For the past 34 years, Amistad Thrift Shop has been a mainstay of the Kingsville community. 

Open in the afternoon on Wednesdays and Fridays, the store would have regular patrons stop by looking to shop, donate or simply to chat with old friends. On Friday, the thrift shop closed its doors for the last time, leaving behind a three-decade legacy of charity and camaraderie that customers and volunteers alike are going to miss.

“I don’t want to toot our own horn, but this (shop) has been such a boon to the community,” Doris “Corky” Peacock, manager of the Amistad Thrift Shop, said. “And I’d just like to thank everyone who has supported us.”

Amistad’s roots go back to 1985 when Elena Reisner requested to the elders at the First Presbyterian Church to open a thrift store in Kingsville.

“A place for the less fortunate people, where they’d keep the prices low so they could shop for clothing and household goods,” Peacock said. “And we’ve always kept our prices as low as possible so we could meet our bills and still have money left over to help the community.”

Amistad Thrift Shop first opened at a location in the 200 block of E. Kleberg Avenue.

“It was where Cactus Flower is now,” Peacock said. “And then we moved on to Henrietta (Avenue) across the street of where the old El Jardin restaurant was in 1995.”

The thrift shop moved again in 1998 to its location at 914 S. 14th St., where it remained until its final day on Friday.

Peacock said she joined Amistad in 1990, and took over as the thrift shop’s manager in 2001 after her husband passed away.

“And I’ve been manager all the years since,” she said.

Amistad board treasurer Dorothy Genz said she had been with Amistad “since day one.”

“I was on the first board because Elena wanted me to be,” Genz said. “So I’ve been with it since the very beginning.”

Genz said she stayed with the thrift shop for the entirety of its run because “I believed in what we were doing.”

“We couldn’t do this without her,” Peacock said.

Initially, money brought in by the thrift shop was used to help low income individuals and families pay their utility bills.

“But then it got to where there were so many coming in, we shifted over to giving to charitable organizations,” Peacock said. “Like (Brush Country) CASA, the First Christian Food Bank, the rescue mission in Corpus Christi ­­— and that’s what we’ve been doing for about eight years now.”

While Peacock said they would like to remain open, running and managing the store as she gets older has become difficult.

“The time has come,” she said. “We’ve reached the age where we can’t do it anymore, and people don’t seem to want to step forward and volunteer.”

Peacock said it was the Kingsville community, with their donations and their patronage, that helped keep Amistad open for more than three decades.

“Our customers love to come here,” she said. “We’re open twice a week, in the afternoon, and it’s almost a social gathering.

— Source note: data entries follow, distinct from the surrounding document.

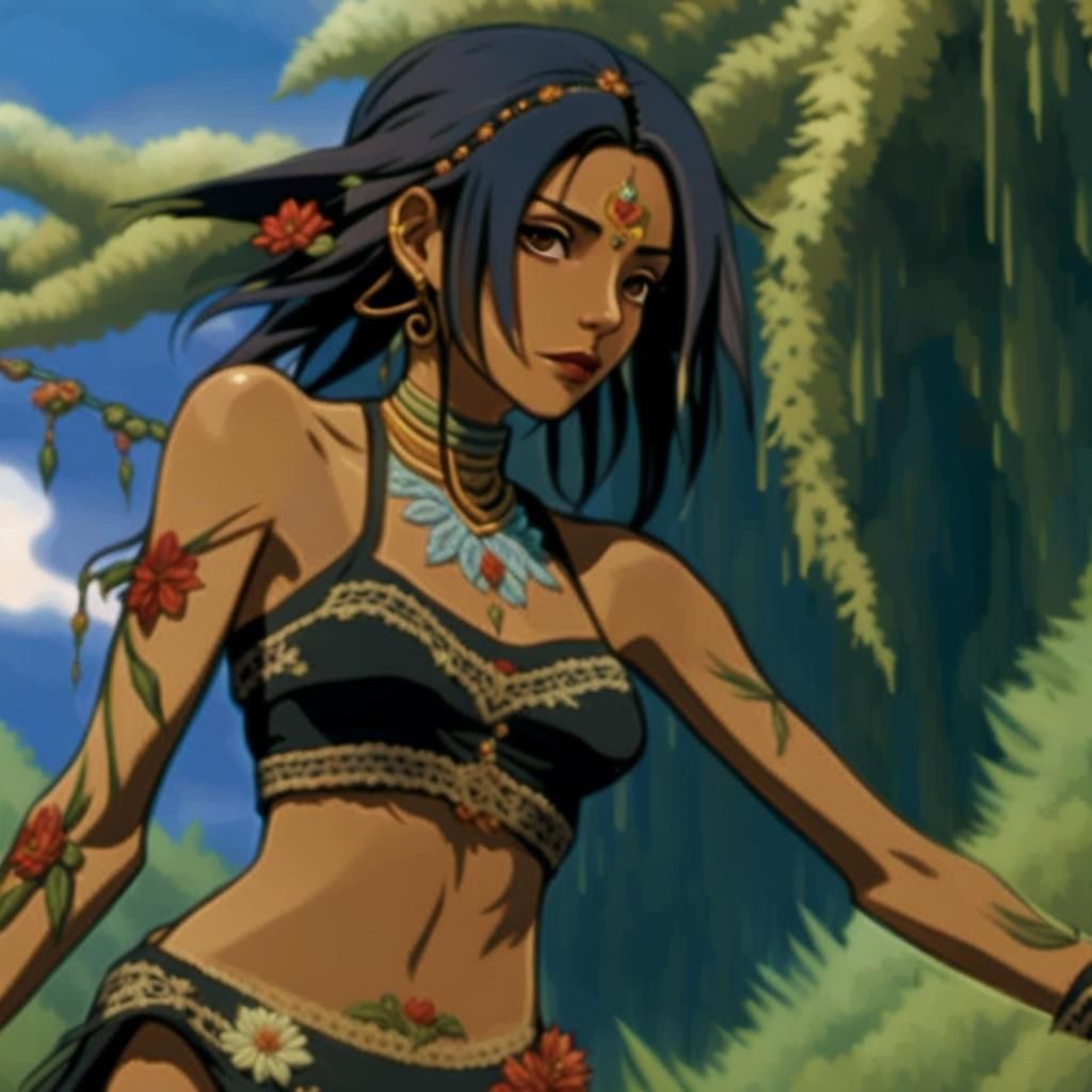 A vibrant image of a Mexican woman in a traditional dress alongside her soulmate in an ornate suit, set within a mystical forest. The artwork features deep blues and oranges with a cinematic fantasy aesthetic.
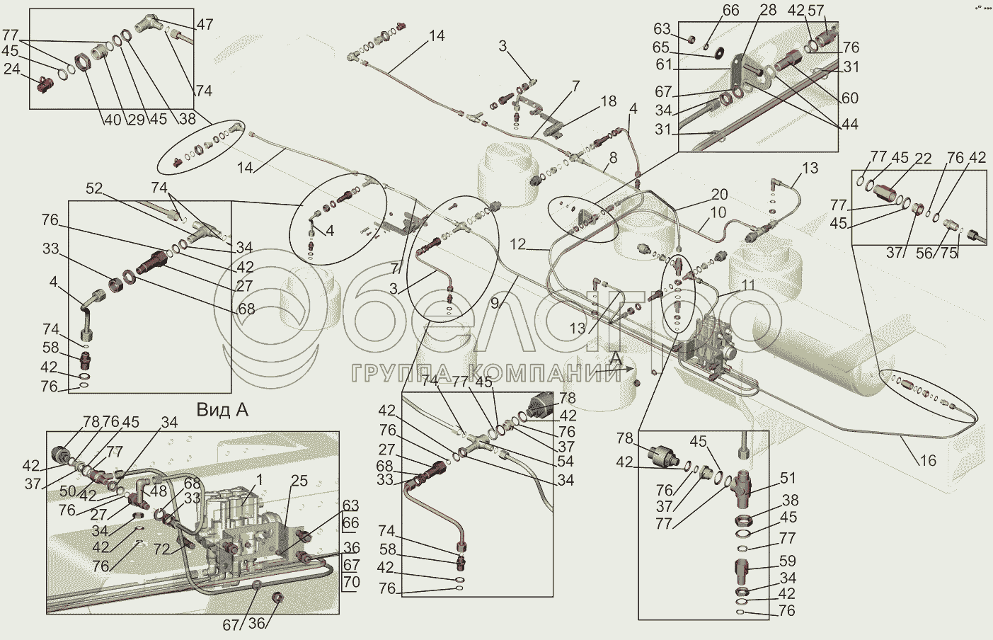 Каталог запасных частей к технике: МАЗ-631019. Установка трубопроводов ECAS 631019-2900018
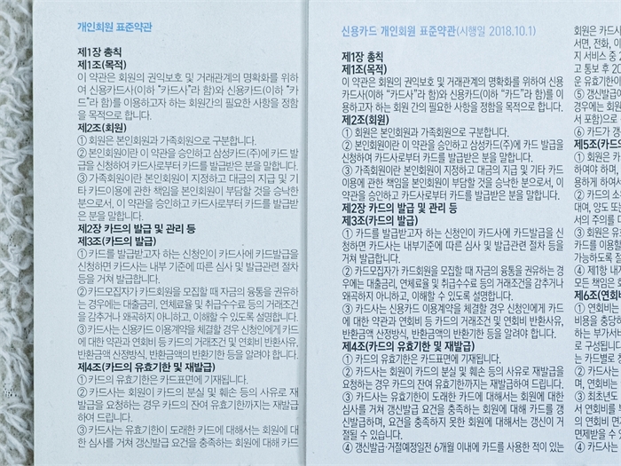 기존 삼성카드 약관(왼쪽)과 디올폰트를 적용한 새 약관 [이종근 디올연구소 대표 제공. 재판매 및 DB 금지]

They are devastated that we’re leaving, and we had no idea that they’d be so sad to see us go.”

Alicia De La Rosa said she has been a customer of Amistad “off-and-on throughout the years.”

“I liked to look at the dresses, blouses, shorts and things like that,” she said.

De La Rosa said she and her friends were going to miss visiting the thrift shop.

“There are a lot of people who come here, and I know they are going to miss it, too,” she said. “And I want them to know how much I appreciated all that they’ve done for us. It is such a great place.”

Albert Garcia, a customer of Amistad for the past 12 years, said he was sad seeing the shop close its doors.

“Because it served a purpose,” Garcia said. “What they were doing did a lot of good for the community.”

Peacock said the thrift shop also has “some of the most wonderful volunteers.”

“This has always been totally voluntary,” Genz said. “Nobody has ever been paid working here. Ever.”

Peacock said that while closing the store is the right decision, she will be sad to see it go.

“This was my baby,” she said. “I found my calling, but the time has come. It’s time to quit.”